*Exercise requirements*
Word for word, restate the listing; omit the pictures.

*** Supplied information Section Begins ***

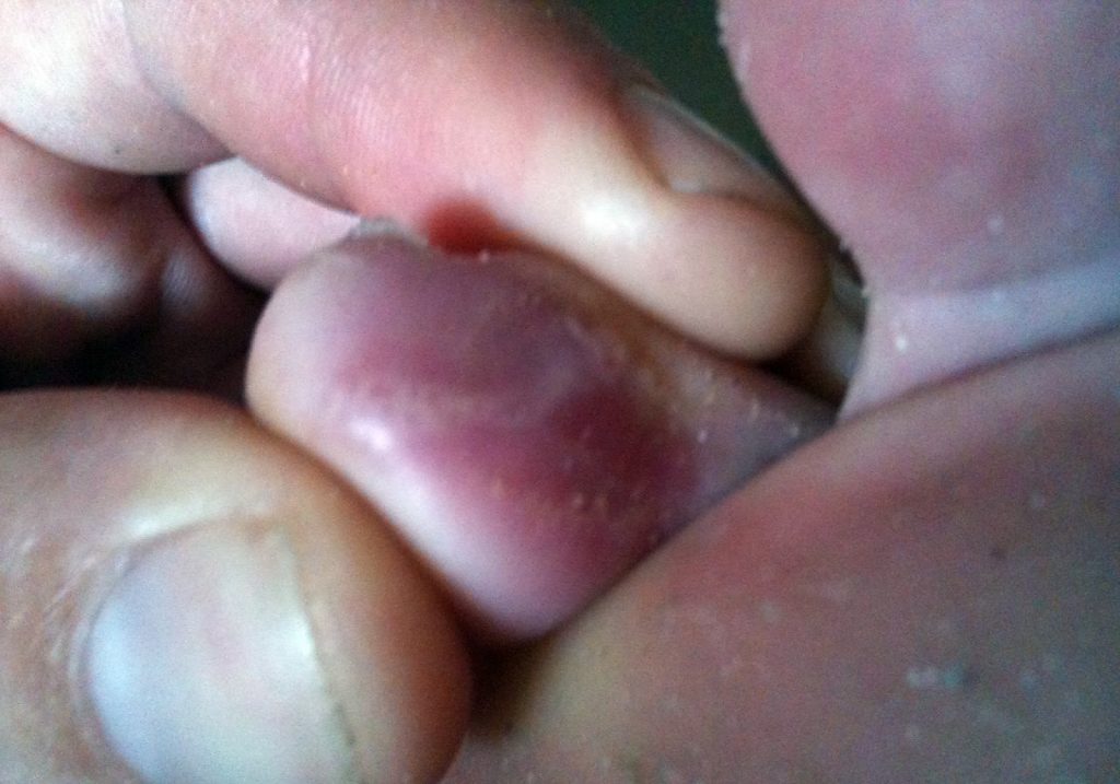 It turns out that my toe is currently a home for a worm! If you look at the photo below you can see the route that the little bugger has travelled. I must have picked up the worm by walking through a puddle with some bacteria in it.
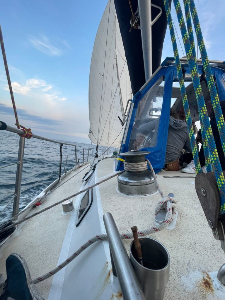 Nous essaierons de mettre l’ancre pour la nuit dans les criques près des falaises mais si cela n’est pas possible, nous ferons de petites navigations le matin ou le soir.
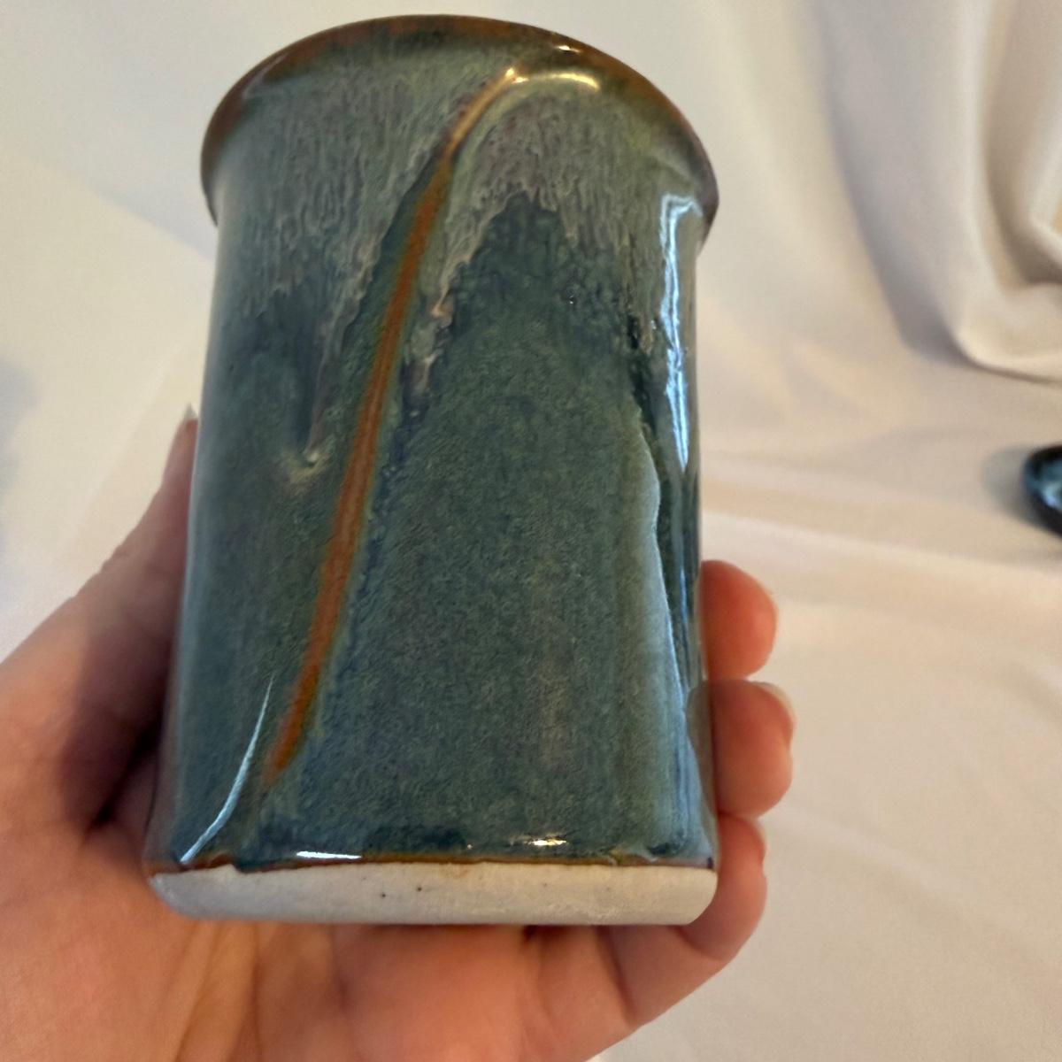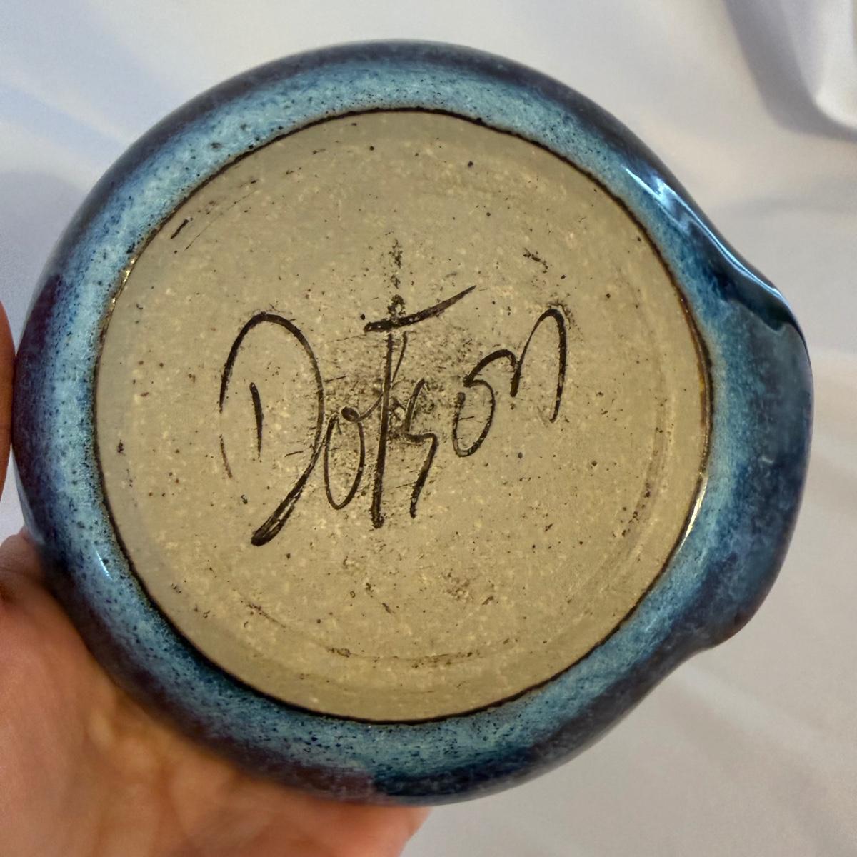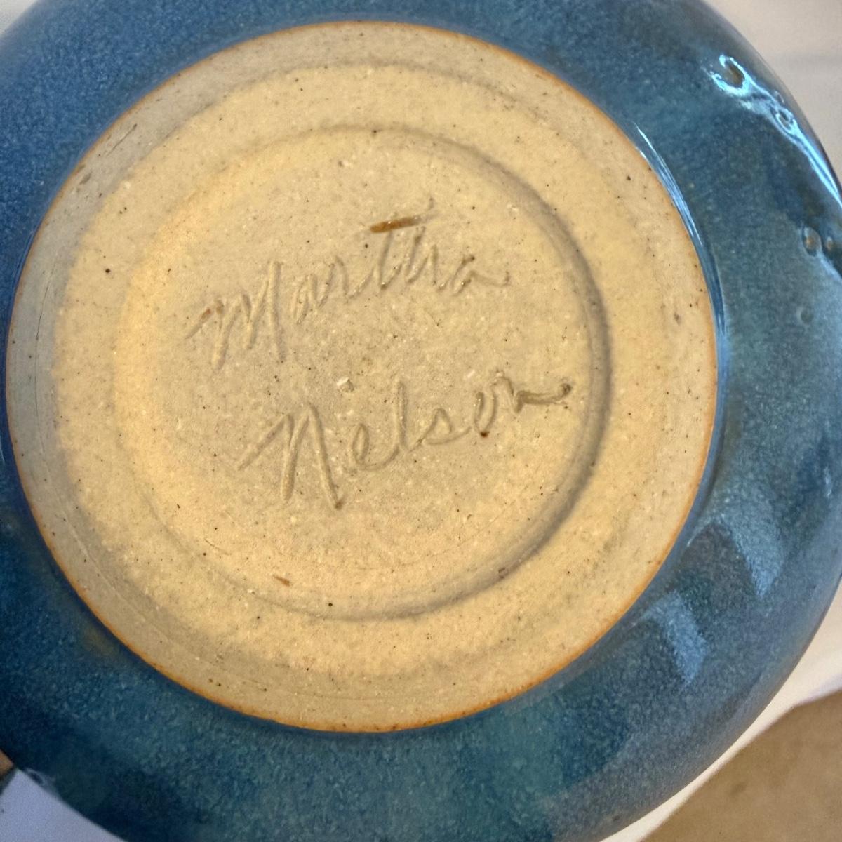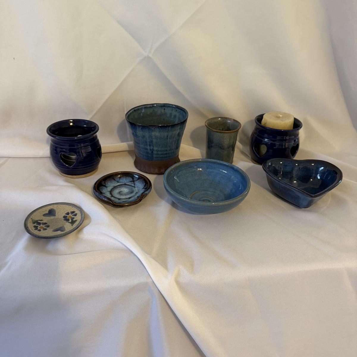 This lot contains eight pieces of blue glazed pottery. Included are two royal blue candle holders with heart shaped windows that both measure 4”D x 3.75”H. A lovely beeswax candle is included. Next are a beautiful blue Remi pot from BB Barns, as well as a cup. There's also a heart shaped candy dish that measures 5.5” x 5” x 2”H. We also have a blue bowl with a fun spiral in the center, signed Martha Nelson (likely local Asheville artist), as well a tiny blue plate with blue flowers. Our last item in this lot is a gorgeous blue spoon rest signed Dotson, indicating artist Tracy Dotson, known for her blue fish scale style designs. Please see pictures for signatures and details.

*** Supplied information Section Ends ***

*Task solution*
 It turns out that my toe is currently a home for a worm! If you look at the photo below you can see the route that the little bugger has travelled. I must have picked up the worm by walking through a puddle with some bacteria in it.
 Nous essaierons de mettre l’ancre pour la nuit dans les criques près des falaises mais si cela n’est pas possible, nous ferons de petites navigations le matin ou le soir.
 This lot contains eight pieces of blue glazed pottery. Included are two royal blue candle holders with heart shaped windows that both measure 4”D x 3.75”H. A lovely beeswax candle is included. Next are a beautiful blue Remi pot from BB Barns, as well as a cup. There's also a heart shaped candy dish that measures 5.5” x 5” x 2”H. We also have a blue bowl with a fun spiral in the center, signed Martha Nelson (likely local Asheville artist), as well a tiny blue plate with blue flowers. Our last item in this lot is a gorgeous blue spoon rest signed Dotson, indicating artist Tracy Dotson, known for her blue fish scale style designs. Please see pictures for signatures and details.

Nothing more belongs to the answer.